THE DATA:
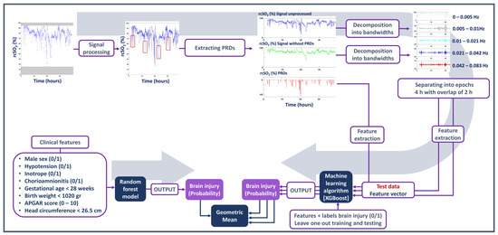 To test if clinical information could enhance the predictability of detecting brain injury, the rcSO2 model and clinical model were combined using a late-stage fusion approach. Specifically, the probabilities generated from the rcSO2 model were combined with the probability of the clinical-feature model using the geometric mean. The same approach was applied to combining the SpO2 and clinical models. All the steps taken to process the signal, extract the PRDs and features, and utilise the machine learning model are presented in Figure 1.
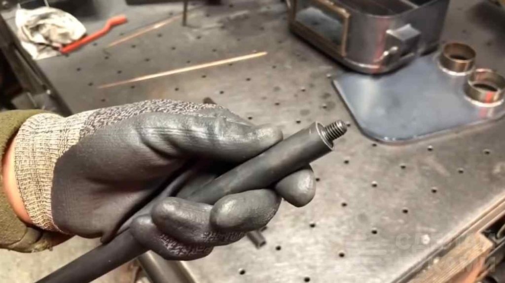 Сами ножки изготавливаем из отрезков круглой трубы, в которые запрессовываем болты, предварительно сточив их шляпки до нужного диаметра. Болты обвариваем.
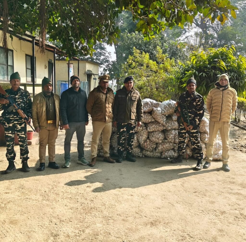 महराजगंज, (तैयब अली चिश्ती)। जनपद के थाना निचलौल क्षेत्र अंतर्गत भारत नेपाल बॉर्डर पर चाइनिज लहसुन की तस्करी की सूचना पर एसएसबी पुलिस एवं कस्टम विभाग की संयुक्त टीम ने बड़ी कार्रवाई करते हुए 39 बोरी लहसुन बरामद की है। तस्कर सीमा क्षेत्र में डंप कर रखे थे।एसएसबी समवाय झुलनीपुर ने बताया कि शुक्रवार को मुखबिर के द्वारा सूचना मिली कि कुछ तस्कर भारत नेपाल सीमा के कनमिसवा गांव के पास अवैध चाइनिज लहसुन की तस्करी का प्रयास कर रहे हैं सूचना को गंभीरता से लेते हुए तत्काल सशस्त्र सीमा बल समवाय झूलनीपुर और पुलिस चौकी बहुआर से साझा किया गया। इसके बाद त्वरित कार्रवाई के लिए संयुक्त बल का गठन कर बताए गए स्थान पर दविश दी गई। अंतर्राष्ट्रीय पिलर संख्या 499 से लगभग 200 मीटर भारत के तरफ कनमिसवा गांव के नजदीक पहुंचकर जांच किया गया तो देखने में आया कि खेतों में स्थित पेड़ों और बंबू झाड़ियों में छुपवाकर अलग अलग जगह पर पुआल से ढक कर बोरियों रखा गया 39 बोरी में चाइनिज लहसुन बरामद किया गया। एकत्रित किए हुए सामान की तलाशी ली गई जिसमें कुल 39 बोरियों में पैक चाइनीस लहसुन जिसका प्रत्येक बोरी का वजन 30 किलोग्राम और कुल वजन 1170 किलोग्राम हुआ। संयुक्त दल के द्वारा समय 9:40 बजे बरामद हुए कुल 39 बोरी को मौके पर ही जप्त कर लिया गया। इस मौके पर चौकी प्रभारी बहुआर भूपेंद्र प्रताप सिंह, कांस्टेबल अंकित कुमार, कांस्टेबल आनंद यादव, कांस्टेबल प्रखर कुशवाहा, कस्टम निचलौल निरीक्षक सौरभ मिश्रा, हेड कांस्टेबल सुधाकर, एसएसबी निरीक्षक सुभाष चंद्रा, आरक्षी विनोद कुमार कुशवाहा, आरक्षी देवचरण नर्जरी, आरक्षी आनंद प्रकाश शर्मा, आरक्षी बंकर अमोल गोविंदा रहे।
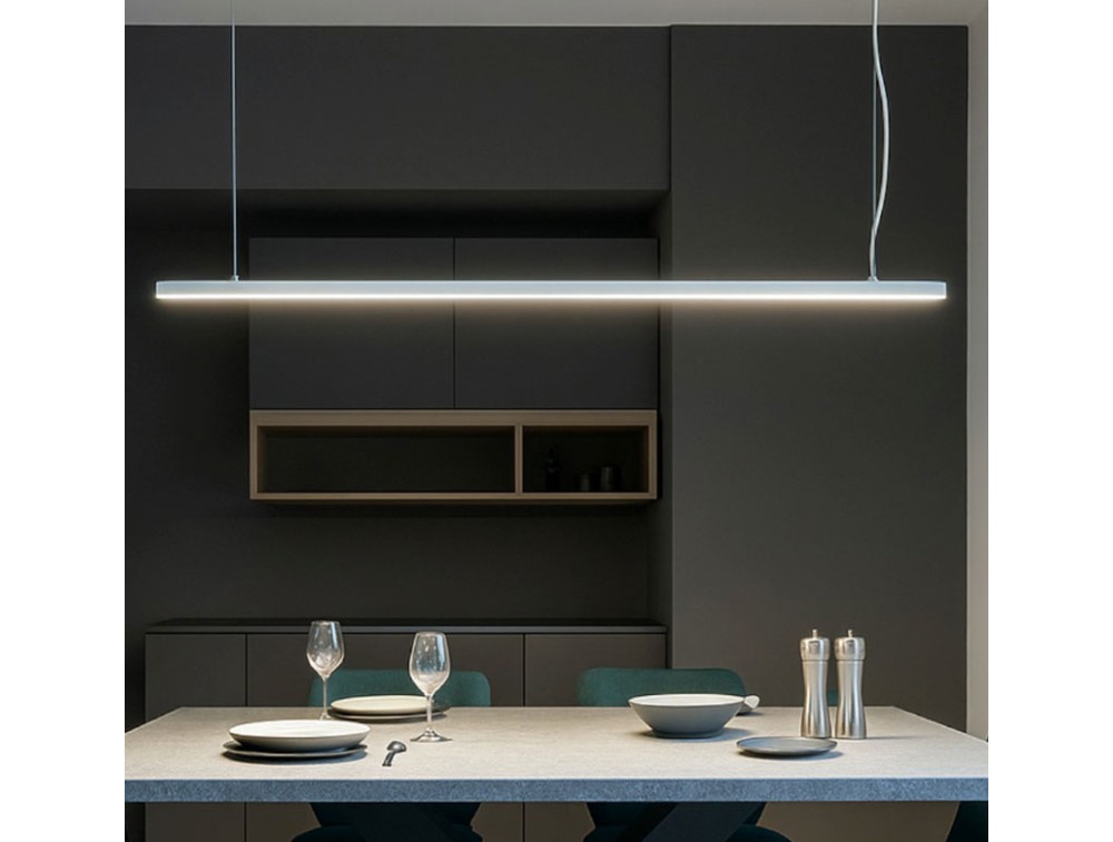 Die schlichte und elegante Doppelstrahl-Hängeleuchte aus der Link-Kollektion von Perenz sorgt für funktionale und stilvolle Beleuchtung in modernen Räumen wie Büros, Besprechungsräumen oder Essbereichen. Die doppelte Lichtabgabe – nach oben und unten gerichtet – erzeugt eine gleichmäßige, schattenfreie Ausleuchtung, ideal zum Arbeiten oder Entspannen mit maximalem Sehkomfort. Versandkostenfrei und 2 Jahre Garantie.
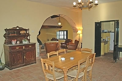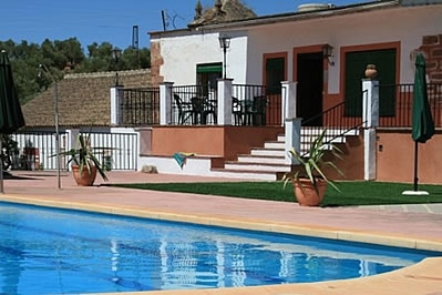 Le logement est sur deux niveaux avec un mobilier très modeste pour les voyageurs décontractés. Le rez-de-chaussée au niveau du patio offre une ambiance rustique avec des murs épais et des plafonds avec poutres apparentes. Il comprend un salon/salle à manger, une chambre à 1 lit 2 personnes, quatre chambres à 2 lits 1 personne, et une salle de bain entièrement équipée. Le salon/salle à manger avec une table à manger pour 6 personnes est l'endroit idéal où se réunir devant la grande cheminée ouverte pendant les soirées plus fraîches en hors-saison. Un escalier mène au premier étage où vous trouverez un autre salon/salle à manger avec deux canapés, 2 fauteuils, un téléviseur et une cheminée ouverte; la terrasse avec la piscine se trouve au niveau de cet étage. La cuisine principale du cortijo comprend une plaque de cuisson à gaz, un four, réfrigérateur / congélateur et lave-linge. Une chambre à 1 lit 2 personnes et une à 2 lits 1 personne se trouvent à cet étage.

PROBLEM TO SOLVE:
Go back to the entries above and restate word for word every line from the first through the one that contains "Сами ножки изготавливаем", leaving the pictures behind.

COMPLETED TASK:
 To test if clinical information could enhance the predictability of detecting brain injury, the rcSO2 model and clinical model were combined using a late-stage fusion approach. Specifically, the probabilities generated from the rcSO2 model were combined with the probability of the clinical-feature model using the geometric mean. The same approach was applied to combining the SpO2 and clinical models. All the steps taken to process the signal, extract the PRDs and features, and utilise the machine learning model are presented in Figure 1.
 Сами ножки изготавливаем из отрезков круглой трубы, в которые запрессовываем болты, предварительно сточив их шляпки до нужного диаметра. Болты обвариваем.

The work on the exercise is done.